The debate is growing among manufacturers and recycling industries as recycling fraud and contamination cases continue to abound. Some manufacturers have even banned exporting e-waste abroad in order to combat these obstacles.
While companies such as Panasonic have expanded their recycling programs with drop-off sites, there are still several areas that are not represented.
So, let’s go to our readers.
Would you pay a couple of extra bucks for that iPod or new computer if that fee guaranteed the product would be recycled at the end of its life? Or, would you prefer to not pay the fee and have consumers take the responsibility for their electronics recycling?


Rachel White
posted on July 7th, 2009 at 6:46 pm
I would pay a couple of extra bucks in a heartbeat! As your post correctly notes, e-waste is a huge problem: According to the EPA, the United States generated over 3 tons of electronic waste in the year of 2007 alone. Close to 85% of this was landfilled or incinerated here. Most of the remaining 15% was shipped overseas for recycling; however overseas “recycling” frequently occurs under conditions that are unsafe for workers and the environment (for more, check out http://www.theelectronicstakeback.com). Clearly the systems that are currently in place in this country for recycling electronics aren’t working. It’s hard to even call existing recycling programs “systems” as they are frequently hard to access, haphazard and confusing.

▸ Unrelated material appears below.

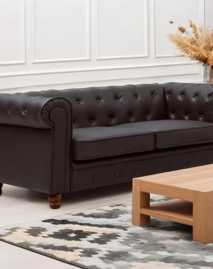 Grote bruine Chesterfield 2-zitsbank - 158x82x72 cm

I consider myself lucky to live in a city (Newton, MA) that collects electronics for recycling–even though I have to deliver them myself to the recycling center which is, of course, only open limited hours. But where do my old electronics go from there? I don’t know the answer to this question and I’m not sure I want to know.
Consumers, manufacturers, and government need to work together to solve this problem. I would be relieved to pay a little more for my next electronic gadget if I knew that the old one would be responsibly recycled.
Shane DiGiorgio
posted on July 8th, 2009 at 12:00 pm
I would prefer to not pay a fee but that’s only because I know of a drop off center in my area that is 99% landfill free. I live in Huntington Beach, California & have found that Orange Coast Computers & Recycling is free, convenient, keeps normal business hours 6 days a week. They will even unload your E-waste from your vehical. http://www.monitorheaven.com
Why should I have to pay more, when I know my electronics will be disposed of responsibly?
Maybe if there was some way to get my $ back if say I used an EPA approved Electronic waste recycler.
Lyon
posted on July 8th, 2009 at 12:21 pm
+1 on that. I’d gladly pay an extra few bucks to guarantee that the product I am buying will have an acceptable end-of-life disposal. For more on Life Cycle Analysis listen to this clip: http://www.morethansound.net/samples/Ecological-Awareness_in_15-minutes.mp3
In the third section, Daniel Goleman talks with Greg Norris, whose open-source LCA platform offers ubiquitous empowerment for businesses to quantify and lessen the negative environmental impacts of each product’s life cycle.